# WHAT THE TASK ASKS
Leave out the images and repeat the listing below without a single change.

# SUPPLIED MATERIAL
= Beginning of Section =

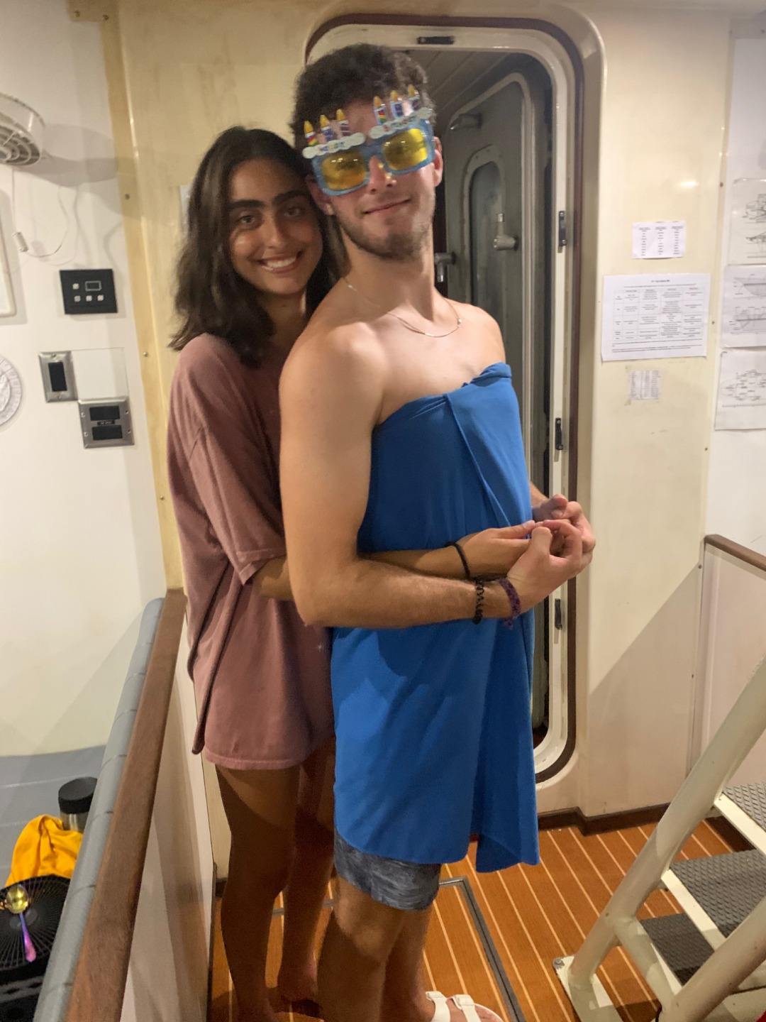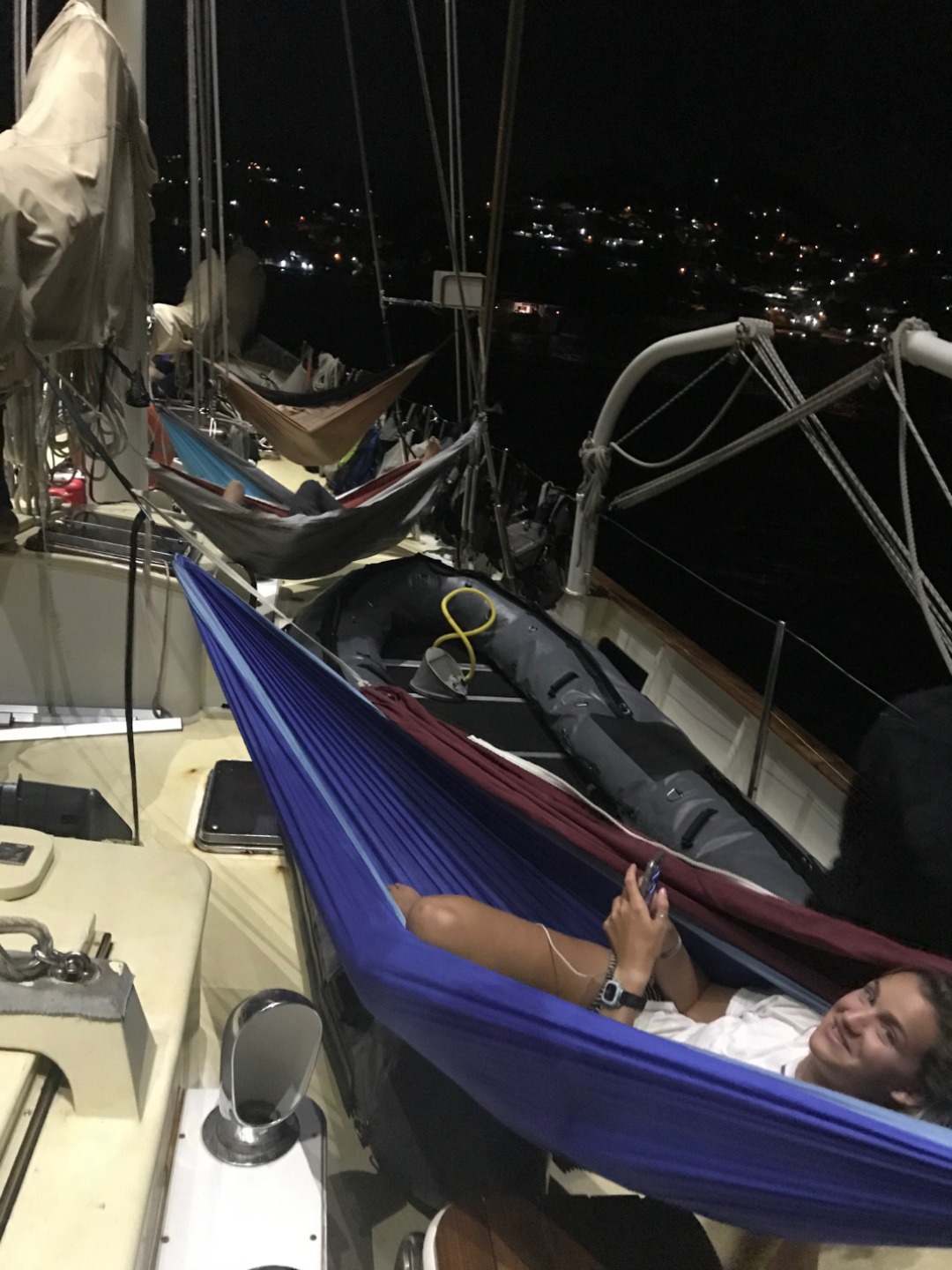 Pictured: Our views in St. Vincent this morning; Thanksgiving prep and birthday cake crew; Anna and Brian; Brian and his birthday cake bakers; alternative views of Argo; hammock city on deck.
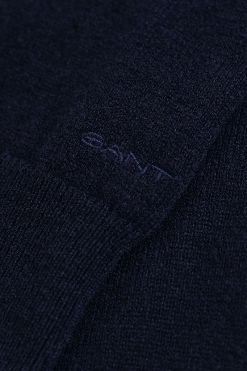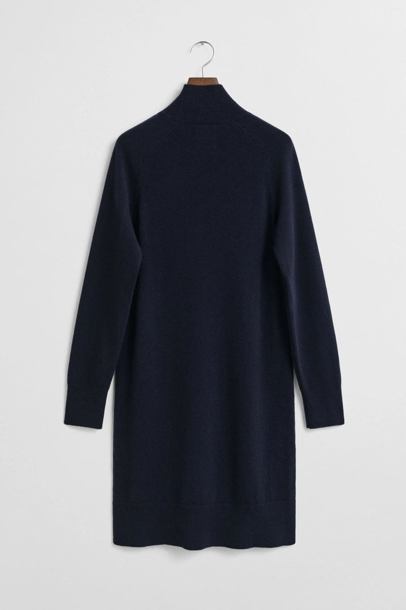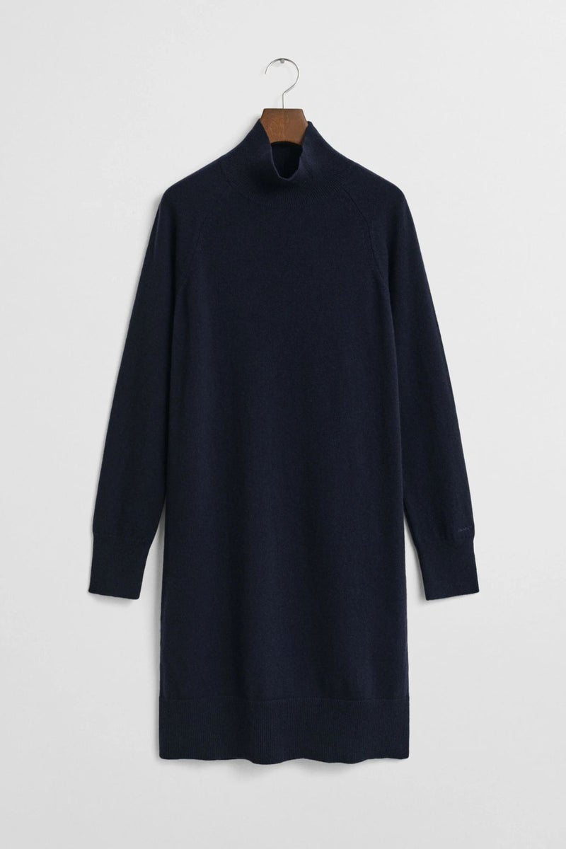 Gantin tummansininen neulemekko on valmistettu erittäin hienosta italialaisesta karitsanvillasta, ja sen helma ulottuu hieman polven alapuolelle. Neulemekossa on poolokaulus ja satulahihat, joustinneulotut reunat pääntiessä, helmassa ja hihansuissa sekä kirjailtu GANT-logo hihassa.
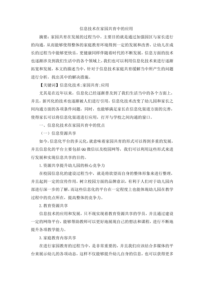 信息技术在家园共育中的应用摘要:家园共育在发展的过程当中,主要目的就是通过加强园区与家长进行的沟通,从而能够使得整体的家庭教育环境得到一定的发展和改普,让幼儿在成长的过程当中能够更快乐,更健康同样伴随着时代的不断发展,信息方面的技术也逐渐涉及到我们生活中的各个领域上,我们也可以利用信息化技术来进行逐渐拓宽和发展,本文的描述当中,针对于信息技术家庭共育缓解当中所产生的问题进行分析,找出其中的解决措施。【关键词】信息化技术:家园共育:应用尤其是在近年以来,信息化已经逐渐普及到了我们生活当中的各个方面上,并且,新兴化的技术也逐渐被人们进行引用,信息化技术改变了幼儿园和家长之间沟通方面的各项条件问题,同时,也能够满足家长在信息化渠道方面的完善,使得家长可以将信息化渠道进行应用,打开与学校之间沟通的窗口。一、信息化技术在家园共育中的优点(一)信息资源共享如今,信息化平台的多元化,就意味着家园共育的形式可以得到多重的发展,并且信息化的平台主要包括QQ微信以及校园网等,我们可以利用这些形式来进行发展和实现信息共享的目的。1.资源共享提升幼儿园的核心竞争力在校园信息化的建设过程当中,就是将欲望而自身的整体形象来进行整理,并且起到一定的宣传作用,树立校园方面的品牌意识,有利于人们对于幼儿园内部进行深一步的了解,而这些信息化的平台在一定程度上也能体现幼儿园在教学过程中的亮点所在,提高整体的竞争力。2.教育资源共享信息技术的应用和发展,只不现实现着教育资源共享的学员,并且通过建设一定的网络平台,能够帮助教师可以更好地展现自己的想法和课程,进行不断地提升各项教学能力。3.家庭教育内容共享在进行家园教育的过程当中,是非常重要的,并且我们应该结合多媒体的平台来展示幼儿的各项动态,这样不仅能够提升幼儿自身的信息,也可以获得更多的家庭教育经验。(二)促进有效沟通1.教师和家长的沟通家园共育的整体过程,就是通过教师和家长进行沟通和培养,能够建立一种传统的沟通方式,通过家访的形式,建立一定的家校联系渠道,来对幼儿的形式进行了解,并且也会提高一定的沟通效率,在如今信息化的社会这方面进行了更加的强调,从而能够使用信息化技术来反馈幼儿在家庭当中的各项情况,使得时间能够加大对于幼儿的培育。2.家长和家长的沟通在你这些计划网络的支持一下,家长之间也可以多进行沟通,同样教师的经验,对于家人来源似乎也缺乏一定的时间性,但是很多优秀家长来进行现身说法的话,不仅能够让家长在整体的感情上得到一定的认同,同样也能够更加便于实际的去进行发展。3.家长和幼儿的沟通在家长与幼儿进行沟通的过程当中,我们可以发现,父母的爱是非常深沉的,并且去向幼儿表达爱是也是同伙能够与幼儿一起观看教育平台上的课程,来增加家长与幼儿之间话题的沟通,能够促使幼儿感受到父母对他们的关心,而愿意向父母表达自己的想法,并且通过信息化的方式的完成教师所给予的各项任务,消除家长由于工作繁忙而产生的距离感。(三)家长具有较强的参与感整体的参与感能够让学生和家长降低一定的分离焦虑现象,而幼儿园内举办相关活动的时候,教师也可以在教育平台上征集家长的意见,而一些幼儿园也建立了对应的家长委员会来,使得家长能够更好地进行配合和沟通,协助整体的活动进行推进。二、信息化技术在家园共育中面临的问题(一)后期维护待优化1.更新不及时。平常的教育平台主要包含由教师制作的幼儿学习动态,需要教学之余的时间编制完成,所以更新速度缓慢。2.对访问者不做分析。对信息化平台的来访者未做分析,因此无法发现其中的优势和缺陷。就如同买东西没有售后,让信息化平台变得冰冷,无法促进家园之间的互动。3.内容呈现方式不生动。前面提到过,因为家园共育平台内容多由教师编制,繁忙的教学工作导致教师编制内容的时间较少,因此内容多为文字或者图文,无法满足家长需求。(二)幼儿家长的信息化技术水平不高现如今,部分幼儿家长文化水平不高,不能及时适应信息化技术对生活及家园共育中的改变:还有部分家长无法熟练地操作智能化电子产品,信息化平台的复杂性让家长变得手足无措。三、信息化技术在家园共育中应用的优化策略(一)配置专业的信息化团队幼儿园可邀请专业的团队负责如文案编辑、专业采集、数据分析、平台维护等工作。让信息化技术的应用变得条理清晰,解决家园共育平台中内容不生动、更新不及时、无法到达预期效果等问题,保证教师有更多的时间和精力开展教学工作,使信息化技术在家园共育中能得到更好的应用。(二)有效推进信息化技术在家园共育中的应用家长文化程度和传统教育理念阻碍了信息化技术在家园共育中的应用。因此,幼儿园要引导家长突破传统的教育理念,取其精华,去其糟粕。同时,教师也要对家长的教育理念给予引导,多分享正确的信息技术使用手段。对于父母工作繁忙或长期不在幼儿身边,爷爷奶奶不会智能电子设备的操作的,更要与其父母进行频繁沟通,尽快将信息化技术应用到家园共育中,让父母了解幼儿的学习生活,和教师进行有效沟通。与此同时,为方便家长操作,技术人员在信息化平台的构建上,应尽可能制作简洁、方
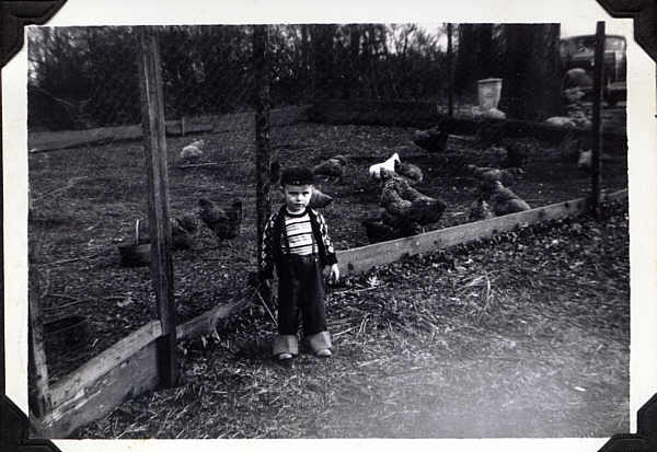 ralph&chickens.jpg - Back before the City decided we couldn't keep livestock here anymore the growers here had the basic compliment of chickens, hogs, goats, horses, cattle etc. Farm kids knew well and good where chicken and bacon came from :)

= End of Section =

# COMPLETED TASK
 Pictured: Our views in St. Vincent this morning; Thanksgiving prep and birthday cake crew; Anna and Brian; Brian and his birthday cake bakers; alternative views of Argo; hammock city on deck.
 Gantin tummansininen neulemekko on valmistettu erittäin hienosta italialaisesta karitsanvillasta, ja sen helma ulottuu hieman polven alapuolelle. Neulemekossa on poolokaulus ja satulahihat, joustinneulotut reunat pääntiessä, helmassa ja hihansuissa sekä kirjailtu GANT-logo hihassa.
 信息技术在家园共育中的应用摘要:家园共育在发展的过程当中,主要目的就是通过加强园区与家长进行的沟通,从而能够使得整体的家庭教育环境得到一定的发展和改普,让幼儿在成长的过程当中能够更快乐,更健康同样伴随着时代的不断发展,信息方面的技术也逐渐涉及到我们生活中的各个领域上,我们也可以利用信息化技术来进行逐渐拓宽和发展,本文的描述当中,针对于信息技术家庭共育缓解当中所产生的问题进行分析,找出其中的解决措施。【关键词】信息化技术:家园共育:应用尤其是在近年以来,信息化已经逐渐普及到了我们生活当中的各个方面上,并且,新兴化的技术也逐渐被人们进行引用,信息化技术改变了幼儿园和家长之间沟通方面的各项条件问题,同时,也能够满足家长在信息化渠道方面的完善,使得家长可以将信息化渠道进行应用,打开与学校之间沟通的窗口。一、信息化技术在家园共育中的优点(一)信息资源共享如今,信息化平台的多元化,就意味着家园共育的形式可以得到多重的发展,并且信息化的平台主要包括QQ微信以及校园网等,我们可以利用这些形式来进行发展和实现信息共享的目的。1.资源共享提升幼儿园的核心竞争力在校园信息化的建设过程当中,就是将欲望而自身的整体形象来进行整理,并且起到一定的宣传作用,树立校园方面的品牌意识,有利于人们对于幼儿园内部进行深一步的了解,而这些信息化的平台在一定程度上也能体现幼儿园在教学过程中的亮点所在,提高整体的竞争力。2.教育资源共享信息技术的应用和发展,只不现实现着教育资源共享的学员,并且通过建设一定的网络平台,能够帮助教师可以更好地展现自己的想法和课程,进行不断地提升各项教学能力。3.家庭教育内容共享在进行家园教育的过程当中,是非常重要的,并且我们应该结合多媒体的平台来展示幼儿的各项动态,这样不仅能够提升幼儿自身的信息,也可以获得更多的家庭教育经验。(二)促进有效沟通1.教师和家长的沟通家园共育的整体过程,就是通过教师和家长进行沟通和培养,能够建立一种传统的沟通方式,通过家访的形式,建立一定的家校联系渠道,来对幼儿的形式进行了解,并且也会提高一定的沟通效率,在如今信息化的社会这方面进行了更加的强调,从而能够使用信息化技术来反馈幼儿在家庭当中的各项情况,使得时间能够加大对于幼儿的培育。2.家长和家长的沟通在你这些计划网络的支持一下,家长之间也可以多进行沟通,同样教师的经验,对于家人来源似乎也缺乏一定的时间性,但是很多优秀家长来进行现身说法的话,不仅能够让家长在整体的感情上得到一定的认同,同样也能够更加便于实际的去进行发展。3.家长和幼儿的沟通在家长与幼儿进行沟通的过程当中,我们可以发现,父母的爱是非常深沉的,并且去向幼儿表达爱是也是同伙能够与幼儿一起观看教育平台上的课程,来增加家长与幼儿之间话题的沟通,能够促使幼儿感受到父母对他们的关心,而愿意向父母表达自己的想法,并且通过信息化的方式的完成教师所给予的各项任务,消除家长由于工作繁忙而产生的距离感。(三)家长具有较强的参与感整体的参与感能够让学生和家长降低一定的分离焦虑现象,而幼儿园内举办相关活动的时候,教师也可以在教育平台上征集家长的意见,而一些幼儿园也建立了对应的家长委员会来,使得家长能够更好地进行配合和沟通,协助整体的活动进行推进。二、信息化技术在家园共育中面临的问题(一)后期维护待优化1.更新不及时。平常的教育平台主要包含由教师制作的幼儿学习动态,需要教学之余的时间编制完成,所以更新速度缓慢。2.对访问者不做分析。对信息化平台的来访者未做分析,因此无法发现其中的优势和缺陷。就如同买东西没有售后,让信息化平台变得冰冷,无法促进家园之间的互动。3.内容呈现方式不生动。前面提到过,因为家园共育平台内容多由教师编制,繁忙的教学工作导致教师编制内容的时间较少,因此内容多为文字或者图文,无法满足家长需求。(二)幼儿家长的信息化技术水平不高现如今,部分幼儿家长文化水平不高,不能及时适应信息化技术对生活及家园共育中的改变:还有部分家长无法熟练地操作智能化电子产品,信息化平台的复杂性让家长变得手足无措。三、信息化技术在家园共育中应用的优化策略(一)配置专业的信息化团队幼儿园可邀请专业的团队负责如文案编辑、专业采集、数据分析、平台维护等工作。让信息化技术的应用变得条理清晰,解决家园共育平台中内容不生动、更新不及时、无法到达预期效果等问题,保证教师有更多的时间和精力开展教学工作,使信息化技术在家园共育中能得到更好的应用。(二)有效推进信息化技术在家园共育中的应用家长文化程度和传统教育理念阻碍了信息化技术在家园共育中的应用。因此,幼儿园要引导家长突破传统的教育理念,取其精华,去其糟粕。同时,教师也要对家长的教育理念给予引导,多分享正确的信息技术使用手段。对于父母工作繁忙或长期不在幼儿身边,爷爷奶奶不会智能电子设备的操作的,更要与其父母进行频繁沟通,尽快将信息化技术应用到家园共育中,让父母了解幼儿的学习生活,和教师进行有效沟通。与此同时,为方便家长操作,技术人员在信息化平台的构建上,应尽可能制作简洁、方
 ralph&chickens.jpg - Back before the City decided we couldn't keep livestock here anymore the growers here had the basic compliment of chickens, hogs, goats, horses, cattle etc. Farm kids knew well and good where chicken and bacon came from :)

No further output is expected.